Her mother's painful and drawn out death nearly a year ago requires daughter Rose Evans to continue to seek professional help to deal with her emotional pain. "I couldn't begin to tell you how awful I felt. I was crying everyday," Evans says.

Evans' mother, Rose Bellmore, battled mouth cancer, pneumonia and a host of other maladies for five weeks that left her in pain — and alive against her will. Even though Bellmore had prepared an "advance medical directive" — instructing her doctors that she wished to die without heroics and with dignity when the time came — her wishes were ignored.

Although Evans says Bellmore's doctors understood her wishes, they did not observe them in Bellmore's final days because Bellmore's medical directive — though with her when she was admitted to the hospital — disappeared and was never found.

Without paper in hand, Bellmore's doctors, in fact, tried to keep Bellmore alive with life-sustaining equipment in her final days.

"The emotional part was just unreal...when the doctors wouldn't listen or others wouldn't listen, we were besides ourselves," Evans says. If she could go back in time, Evans adds, she would have stayed at her mother's side and made sure her medical directive was tacked above her bed. "I'd throw a fit and say this is what she wants!"

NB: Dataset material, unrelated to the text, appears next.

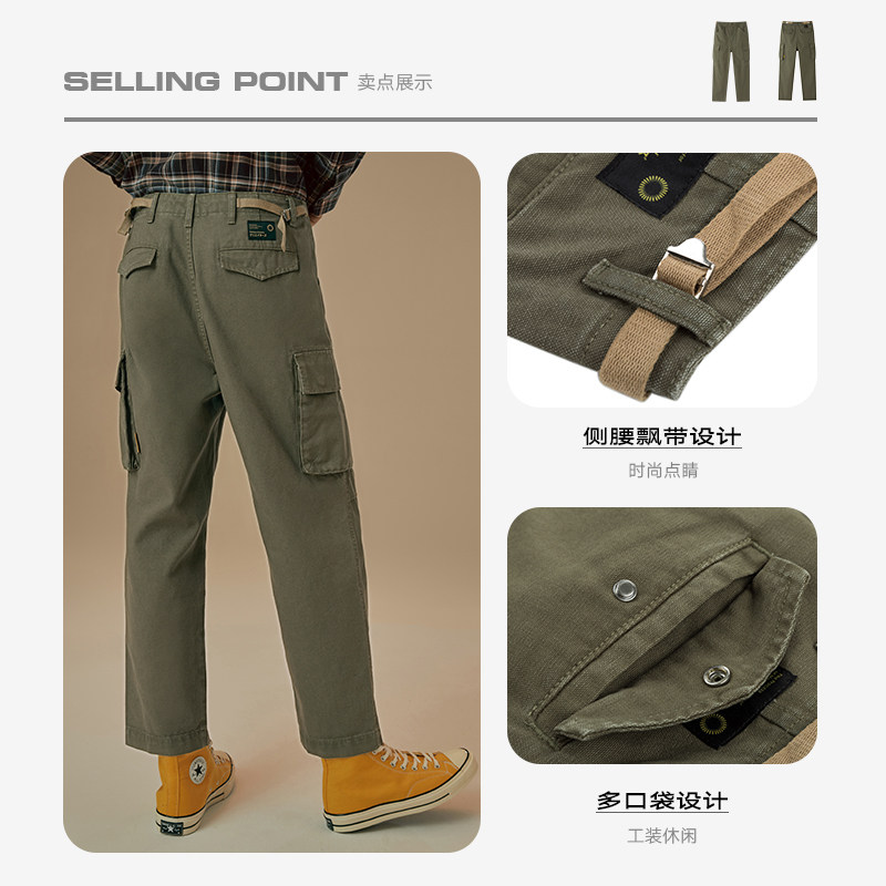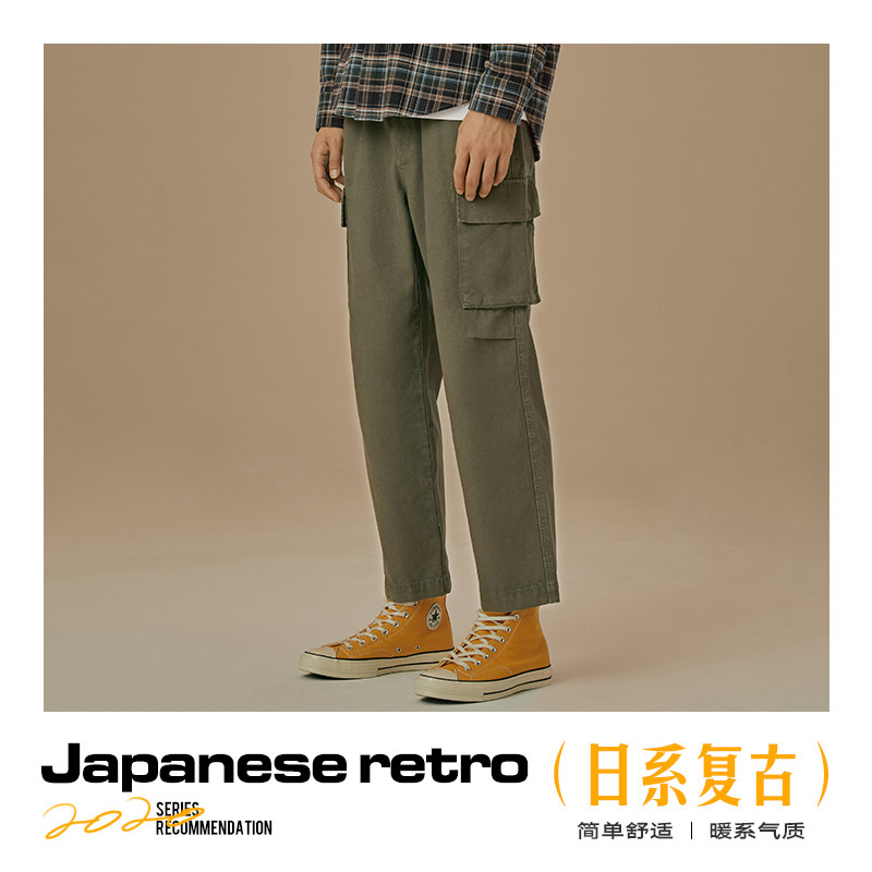 GXG Men's Clothing Day Ensemble Retro Jun Green Straight Cylinder Loose Tooling Denim Pants Long Pants Men 2020 Spring and Autumn Heat

Even though Bellmore and her family were knowledgeable about advance directives, they — like many families — ran headlong into a medical system designed to keep people alive, instead of allowing them die according to their wishes.

Each day, dying patients' wishes are rejected for numerous reasons. These include a doctor's refusal to accept a patient's request to bypass life-sustaining treatment based on moral grounds, fear of lawsuits or criminal charges.

From Bad to Worse
Bellmore wrote her medical directive in 1994 when her health began to fail because of pulmonary fibrosis. In it, she designated a health-care power of attorney (who appoints a "proxy" to carry out the dying patient's wishes) and instructed that she wanted no life-sustaining procedures should she become terminally ill.